About this exercise
Every record is to be copied unchanged, except that its pictures are removed.

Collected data
_ _ _ _
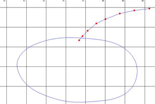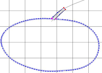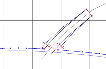1. After you dismiss the Slot Ramp Properties form, the cursor changes to a crosshair cursor. Use the mouse to digitise a centre line that intersects the pit string at the slot ramp entrance.
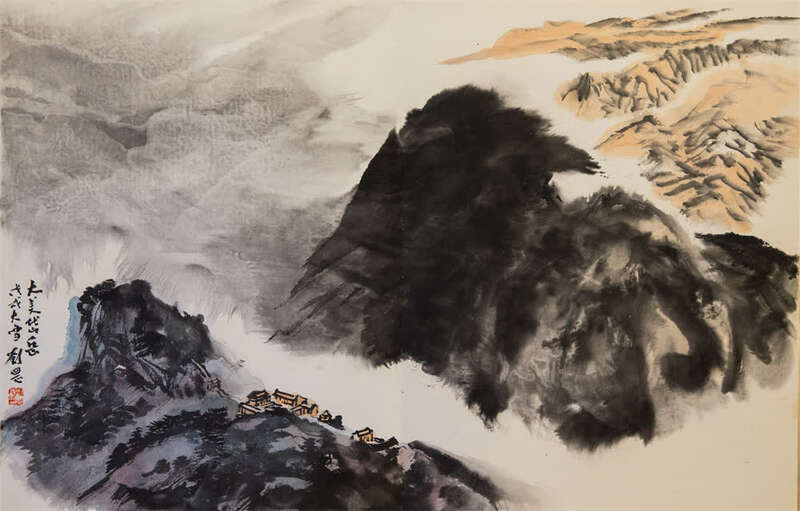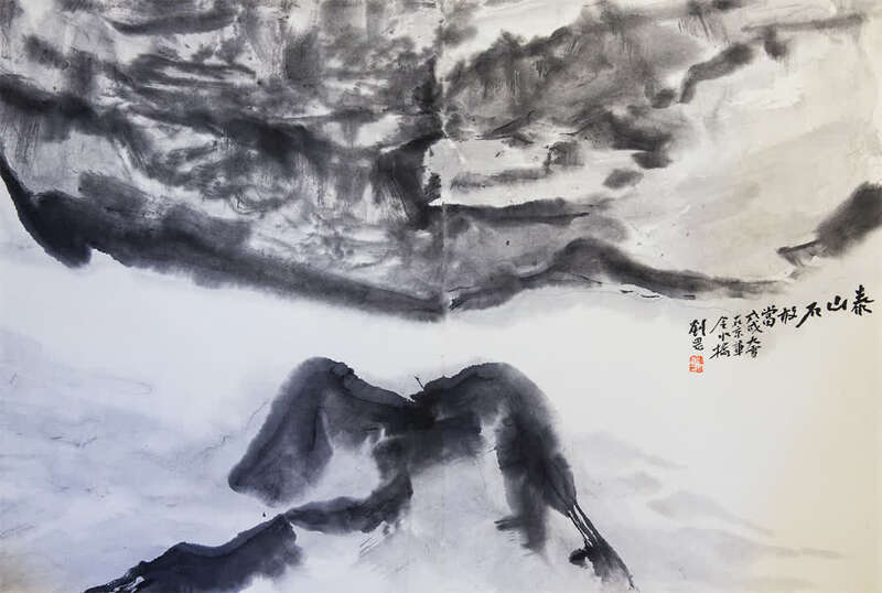 在刘罡的山水画中“望岳”,阳刚张力表现山河之美
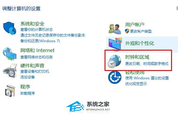 2、点击“时钟和区域”。
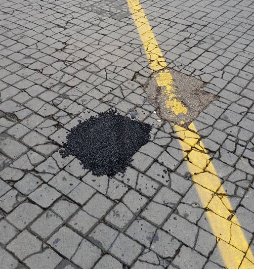 Voto massimo a Giustino Ciarrocchi, titolare dell'omonima Boutique di Corso San Giorgio, che posta sul suo profilo facebook, una foto della bellezza manufatta e un commento ironico " OGGI HO ASSISTITO AD UN NUOVO SISTEMA PER TAPPARE LE BUCHE!!.SPARGERE IL CATRAME E PASSARCI SOPRA CON LE RUOTE DELL' APETTA".
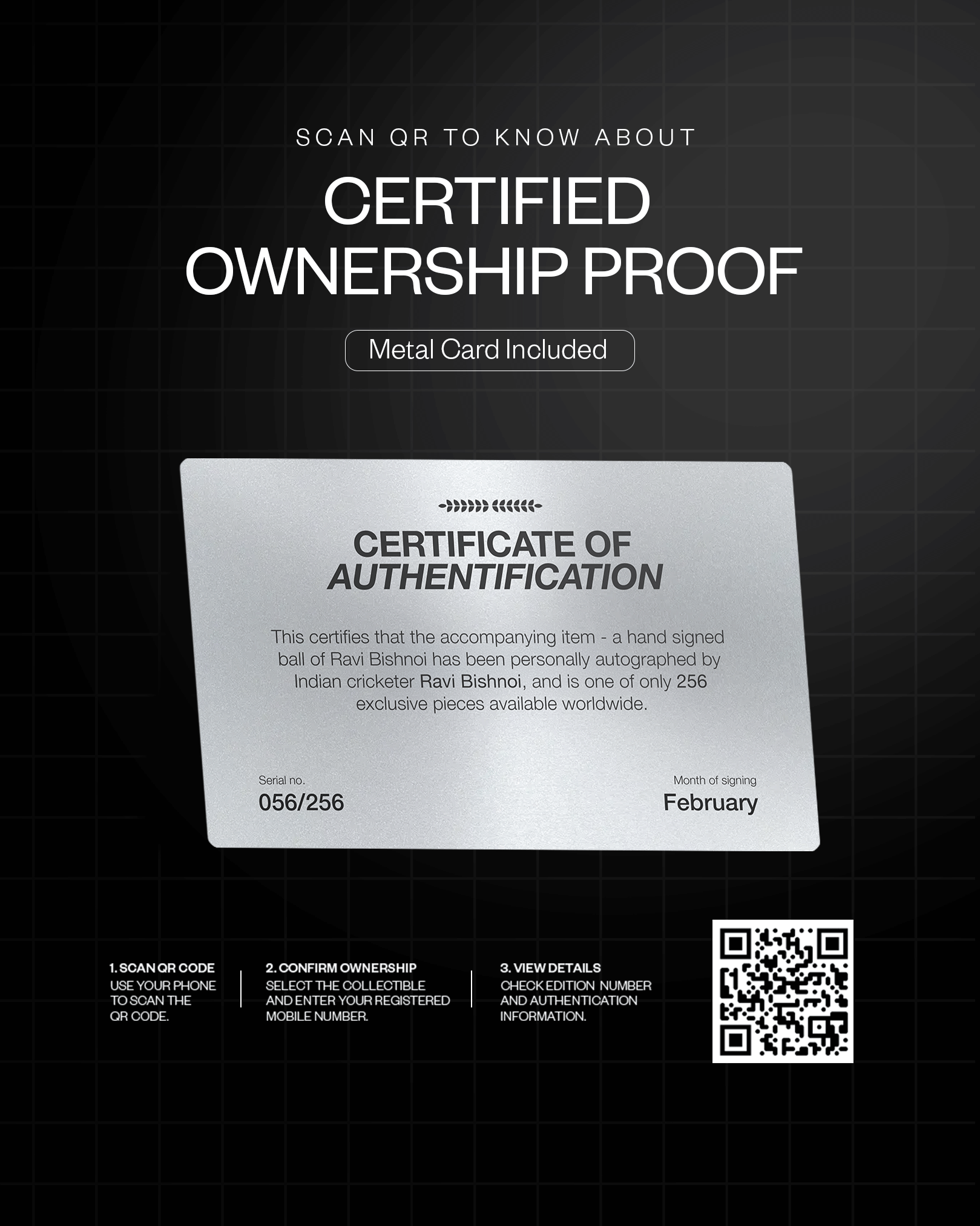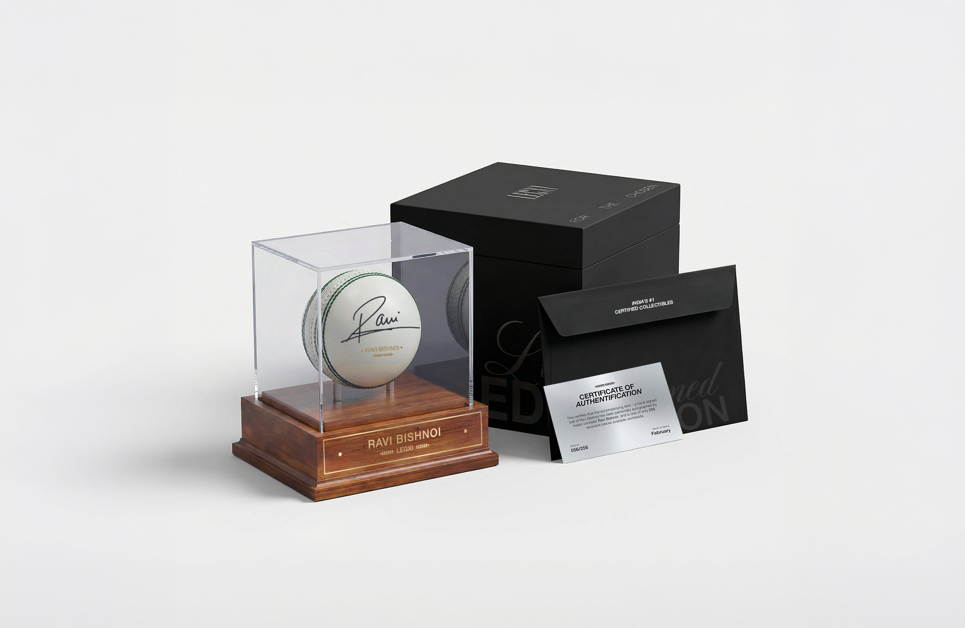Every collectible in this edition has been individually signed by RAVI BISHNOI in person using permanent archival ink, creating a direct physical link between the athlete and each piece.
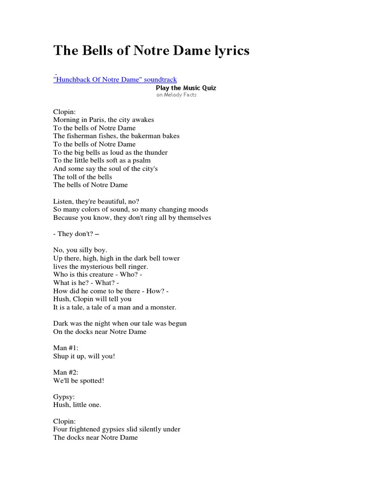Notre Dame Song Lyrics : The bells of notre dame. Notre Dame Song Lyrics : Rally sons of notre dame sing her glory and sound her fame raise her gold and blue and cheer with voices true:
_ _ _ _
Answer area
1. After you dismiss the Slot Ramp Properties form, the cursor changes to a crosshair cursor. Use the mouse to digitise a centre line that intersects the pit string at the slot ramp entrance.
 在刘罡的山水画中“望岳”,阳刚张力表现山河之美
 2、点击“时钟和区域”。
 Voto massimo a Giustino Ciarrocchi, titolare dell'omonima Boutique di Corso San Giorgio, che posta sul suo profilo facebook, una foto della bellezza manufatta e un commento ironico " OGGI HO ASSISTITO AD UN NUOVO SISTEMA PER TAPPARE LE BUCHE!!.SPARGERE IL CATRAME E PASSARCI SOPRA CON LE RUOTE DELL' APETTA".
Every collectible in this edition has been individually signed by RAVI BISHNOI in person using permanent archival ink, creating a direct physical link between the athlete and each piece.
Notre Dame Song Lyrics : The bells of notre dame. Notre Dame Song Lyrics : Rally sons of notre dame sing her glory and sound her fame raise her gold and blue and cheer with voices true:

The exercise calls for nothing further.